= Oklaunion, Texas =

Unincorporated community in Texas, US

Oklaunion is an unincorporated community in Wilbarger County, Texas, United States. According to the Handbook of Texas, the community had an estimated population of 138 in 2000.

==Geography==
Oklaunion is located at . It is situated at the junction of U.S. Highways 70, 183, and 283 in northeastern Wilbarger County, approximately nine miles east of Vernon. The nearest large city is Wichita Falls, located 42 miles east of Oklaunion.

===Climate===
The climate in this area is characterized by hot, humid summers and generally mild to cool winters. According to the Köppen climate classification system, Oklaunion has a humid subtropical climate (Cfa).

==History==
Originally known as Mayflower, the community was renamed Oklaunion around 1888 by Joseph S. "Buckskin" Works. The reason behind the name change was an attempt to attract the Frisco line to the community so that it would connect with the Fort Worth and Denver City Railway. Nearby Vernon was chosen as the site for the linkage, however, but Oklaunion prospered as a stop on the Fort Worth and Denver City line. A post office was established in 1889 and a school opened during the mid-1890s.

The community voted to incorporate on June 6, 1928. In 1930, the town had a population of 254. That figure fell to 223 in 1940 and 129 by 1950. Sometime after, the town dissolved its incorporation. The population had fallen to fewer than 140 in 1990 and remained at that level by 2000.

Although Oklaunion is unincorporated, it has a post office with the zip code of 76373.

==Demographics==

Oklaunion first appeared as a census designated place in the 2020 U.S. census.

Historical population
| Census | Pop. | Note | %± |
| 2020 | 88 |  | — |
U.S. Decennial Census 1850–1900 1910 1920 1930 1940 1950 1960 1970 1980 1990 2000 2010 2020

===2020 census===

Oklaunion CDP, Texas – Racial and ethnic composition Note: the US Census treats Hispanic/Latino as an ethnic category. This table excludes Latinos from the racial categories and assigns them to a separate category. Hispanics/Latinos may be of any race.
| Race / Ethnicity (NH = Non-Hispanic) | Pop 2020 | % 2020 |
|---|---|---|
| White alone (NH) | 54 | 61.36% |
| Black or African American alone (NH) | 1 | 1.14% |
| Native American or Alaska Native alone (NH) | 1 | 1.14% |
| Asian alone (NH) | 2 | 2.27% |
| Native Hawaiian or Pacific Islander alone (NH) | 0 | 0.00% |
| Other race alone (NH) | 0 | 0.00% |
| Mixed race or Multiracial (NH) | 2 | 2.27% |
| Hispanic or Latino (any race) | 28 | 31.82% |
| Total | 88 | 100.00% |

As of the 2020 United States census, there were 88 people, 43 households, and 43 families residing in the CDP.

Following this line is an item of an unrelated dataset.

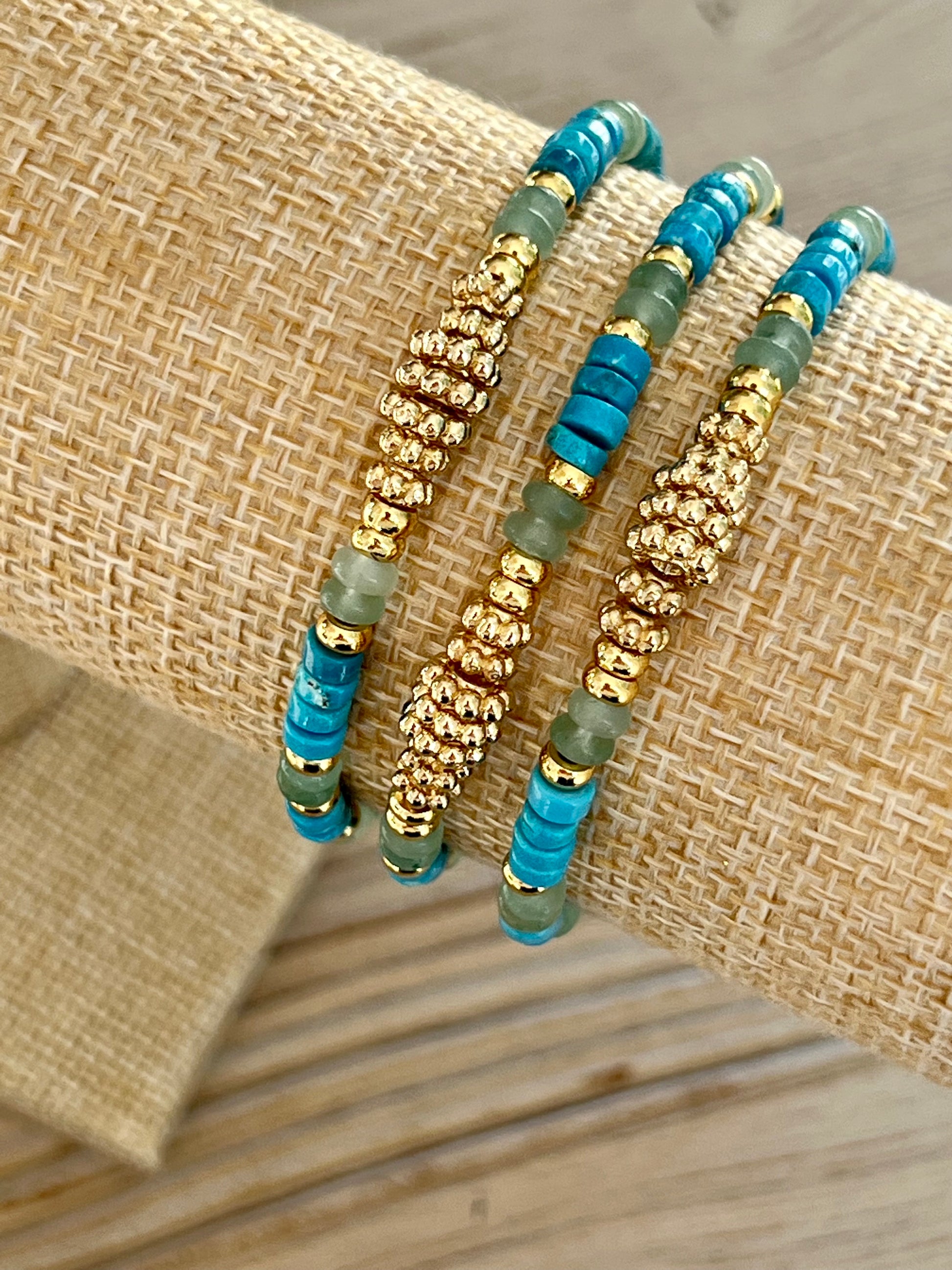 Details: Crafted with precision, it features Heishi polymer beads, elegant gemstones, and golden brass washers for a harmonious blend of style.

==Power supply facilities==

Near Oklaunion, there is a coal-fired power station, named Oklaunion Power Plant. It has a capacity of 650 megawatts.

Since 1984 there has been a back-to-back HVDC station at Oklaunion which was built by General Electric. It works with a voltage of 345 kV and has a transfer rate of 220 megawatts.
The plant was scheduled to be shut down in September 2020. The reason was high cost to keep the emissions at levels acceptable. The plant was bid on and won by Frontier Energy. They will convert the plant to natural gas, a cleaner burning fossil fuel.

==Education==
Public education in the community of Oklaunion is provided by the Vernon Independent School District. The Oklaunion Independent School District consolidated with Vernon in 1967.